I am inspecting Bio.PDB.Model objects in the Python interpreter. I don't see any method to REMOVE Chains from Models in the documentation, only a method to add them. In fact, I am not sure how child objects are stored inside Bio.PDB objects, they are well hidden. There appear to list-like and dictionary-like views of the children, here's an example of a Model with two Chains:

In [15]: model.child_list
Out[15]: [<Chain id=A>, <Chain id=B>]

In [16]: model.child_dict
Out[16]: {'B': <Chain id=B>, 'A': <Chain id=A>}

Comments and advice are appreciated, thanks!

Biopython DSSP • 3.3k views

ADD COMMENT • link 7.4 years ago by jladasky • 0

score 0 · Answer 1 · 2016-12-03

Well, I have a solution. It may not be the most elegant solution, but it works.

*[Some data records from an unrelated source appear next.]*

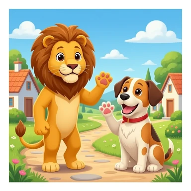 UN Lleo i un gos dier adeu amb la ma i en un poble com les fotos que mas fet avans la matexa foto pero el iieo si pot ser santat i seludan emoji
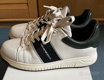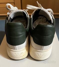 Sneakers uomo colore bianco con tallone in pelle verde scuro, banda laterale griffata nera. Il tessuto interno della scarpa sinistra , in corrispondenza del tallone, è un po’ usurato. Misura 43.
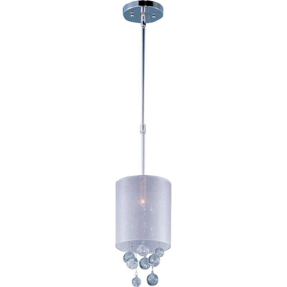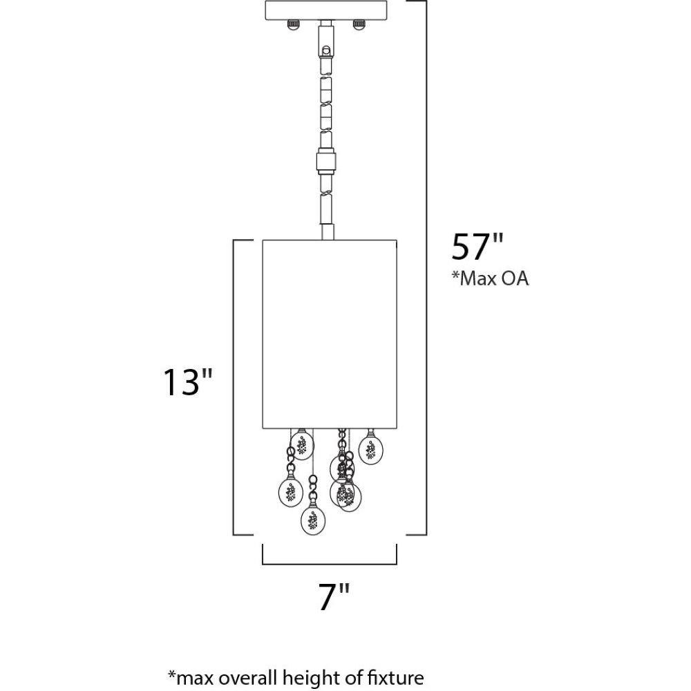 Beveled crystal beads mysteriously appear through the Veil collection's veil of Silver Sheer fabric and shimmer like diamonds in the night. Round bubble crystal suspended at various heights, create a unique accent. Shades are supported by multiple Polished Chrome stems for adjustable height.
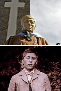 Dezenas de milhares de pessoas se reuniram neste domingo na pequena cidade de Chimpay, no sul da Argentina, para uma cerimônia em que a Igreja Católica beatificou um índio. A beatificação acende a esperança de muitos argentinos de ver o índio mapuche Ceferino Namuncura, morto na Itália em 1905, tornar-se santo. Fiéis contam que, em sua infância, o representante mapuche escapou milagrosamente de se afogar em um rio. O índio foi vencido pela tuberculose aos 18 anos, quando estudava na Europa para se tornar padre. Desde então, sua figura vem atraindo a devoção de argentinos pobres ou descendentes de indígenas. O pedido de beatificação foi feito em 1945. Há sete anos, investigadores da Igreja Católica atribuíram a Namuncura o milagre de curar uma de suas devotas de câncer de útero. Nova estratégia Fiéis acudiram de todas as partes do país para ver a cerimônia de beatificação conduzida pelo secretário de Estado do Vaticano, Tarcísio Bertone. Ele é o segundo indígena beatificado nas Américas, depois do mexicano Juan Diego, hoje santo. Para que o índio mapuche seja canonizado, é necessária a aceitação de outro milagre seu.

Maybe someone else who needs to get DSSP information out of Biopython can make use of it.

# Procedure to extract DSSP information from PDB files with multiple
# Chains, using Python 3.5, Biopython 1.66, and DSSP (mkdssp) 2.2.1
# 2016-12-02
# John J. Ladasky Jr., Ph.D.

from Bio.PDB.PDBParser import PDBParser
from Bio.PDB import DSSP 
from Bio.PDB.PDBExceptions import PDBConstructionWarning
import warnings

multiple_chains = False
with open(path, "r") as f:
    with warnings.catch_warnings():
        warnings.simplefilter("error")      # warnings become exceptions
        try:
            structure = _parser.get_structure("tmp", path)
        except PDBConstructionWarning:
            # The Model in the PDB file consists of multiple Chains.
            # Calling DSSP with the current Model will concatenate 
            # all Chains, and this is unavoidable because it's 
            # external to Python.  The DSSP result will need to be
            # truncated after the fact.
            warnings.simplefilter("ignore")
            structure = PDBParser().get_structure("tmp", path)
            multiple_chains = True
    model = next(structure.get_models())    # I always work with Model 1
    output = DSSP(model, path)              # DSSP expects a Model, why?
    if multiple_chains:
        # A DSSP object is dictionary-like, but with ordered keys.
        # The keys are nested tuples which are structured like PDB 
        # Residue identifiers.  The first element of the tuple is
        # the Chain name (typically, "A").
        chain_a = output.keys()[0][0]
        subset_keys = [k for k in output.keys() if k[0] == chain_a]
        # Now use the keys in chain "A" to truncate output.  The 
        # output object need not be a DSSP object, it just needs to
        # yield the right values when iterated below.
        output = [output[k] for k in subset_keys]
    num, amino, dssp = [], [], []
    for (n, a, d, *unused) in output:
        num.append(n)
        amino.append(a)
        dssp.append(d)

You supply a path to the PDB file, in the string named "path". After running this code, the amino acid numbers are in num, the residues are in amino, and the DSSP assignments are in dssp. There is other information in a DSSP object that I'm not using, which I pack into the tuple named "unused."